__Recorded data__
--*--

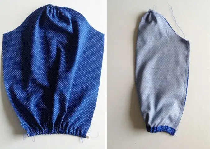 4) Secure the ends of the elastic by sewing back and forth a few times. Repeat on the other sleeve.
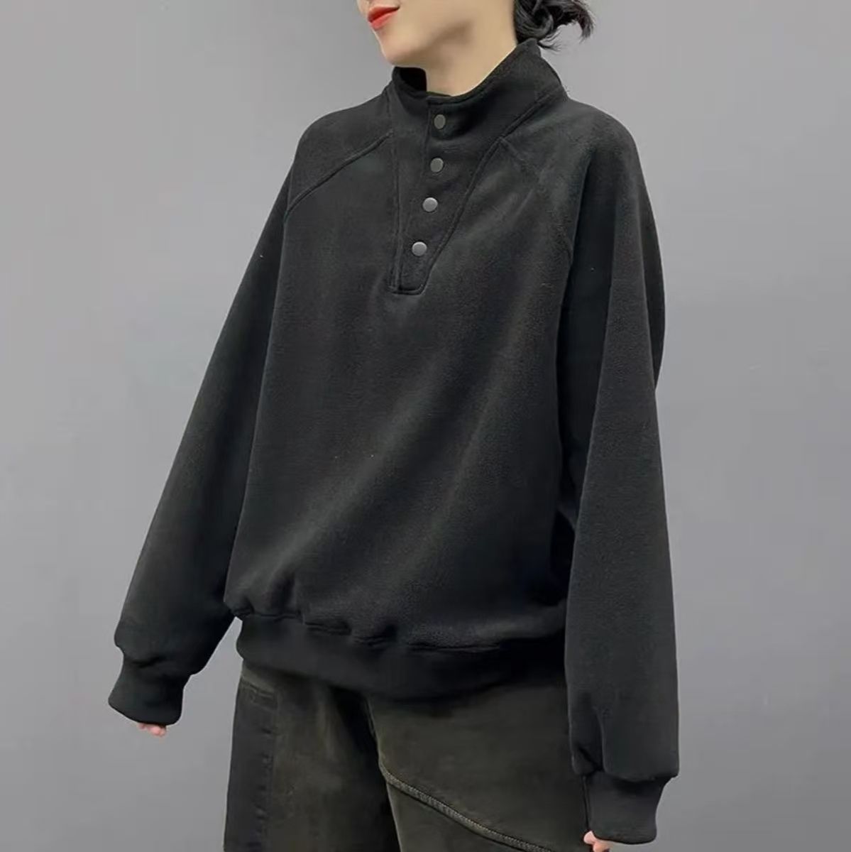 淘宝加大码复古简约风半高领宽松卫衣女长袖通勤百搭松弛感妈妈上衣女
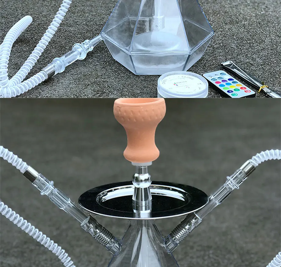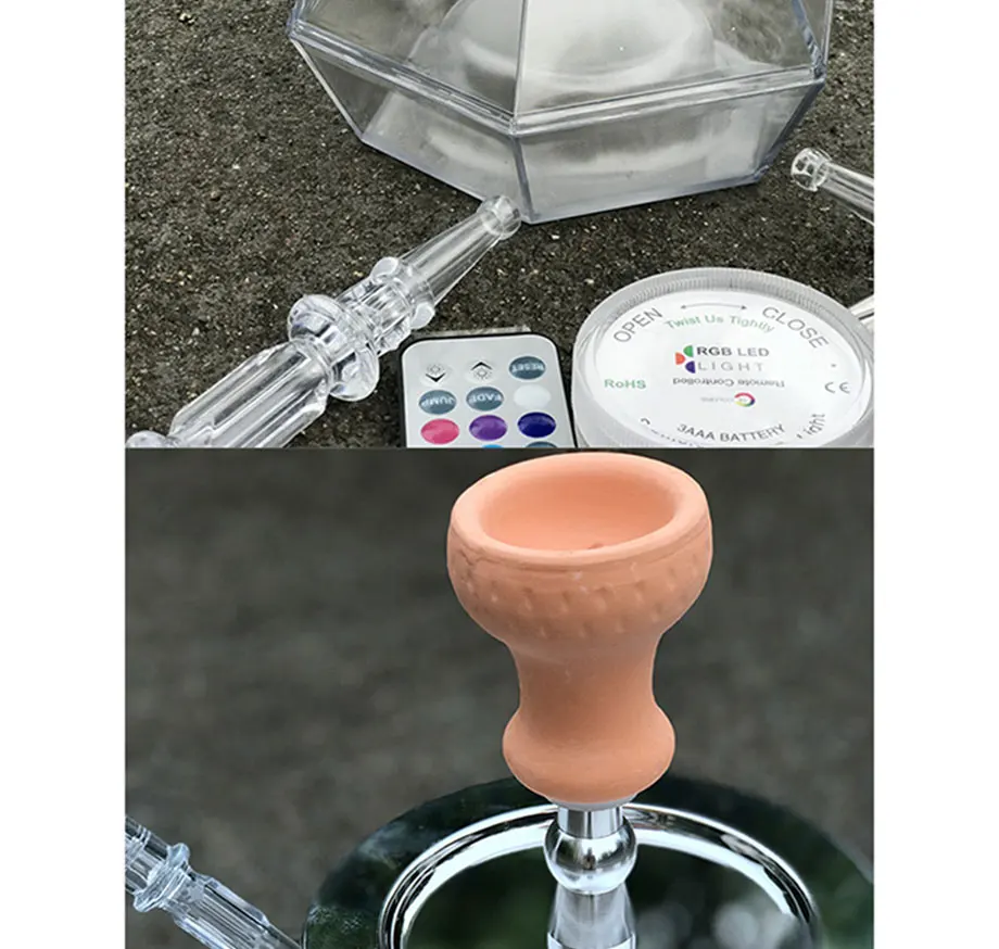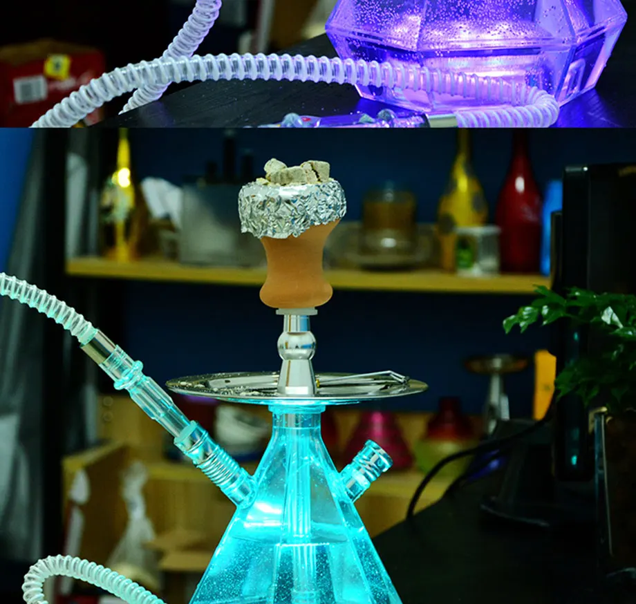 Новый прозрачный акриловый кальян с светодиодный подсветкой трубка для кальяна зажим металлический лоток латексный шланг Chicha кальян наргиле аксессуары подарок на день рождения
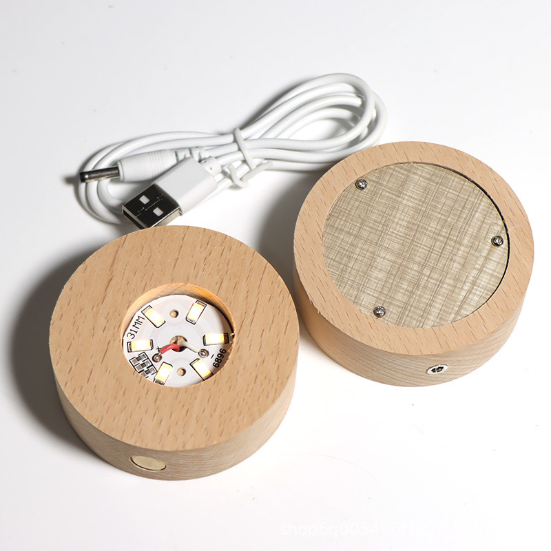 Penyangga lampu bola kristal DIY grosir dengan alas kayu solid, lampu malam bercahaya, lampu persegi warna-warni, lampu plastik isi ulang, cahaya hangat

--*--

__Exercise aim__
Restate exactly the lines that start at the "淘宝加大码复古简约风半高领宽松卫衣女长袖通勤百搭松弛感妈妈上衣女" line and end with the last line of the material above, leaving out the pictures.

__Response box__
 淘宝加大码复古简约风半高领宽松卫衣女长袖通勤百搭松弛感妈妈上衣女
 Новый прозрачный акриловый кальян с светодиодный подсветкой трубка для кальяна зажим металлический лоток латексный шланг Chicha кальян наргиле аксессуары подарок на день рождения
 Penyangga lampu bola kristal DIY grosir dengan alas kayu solid, lampu malam bercahaya, lampu persegi warna-warni, lampu plastik isi ulang, cahaya hangat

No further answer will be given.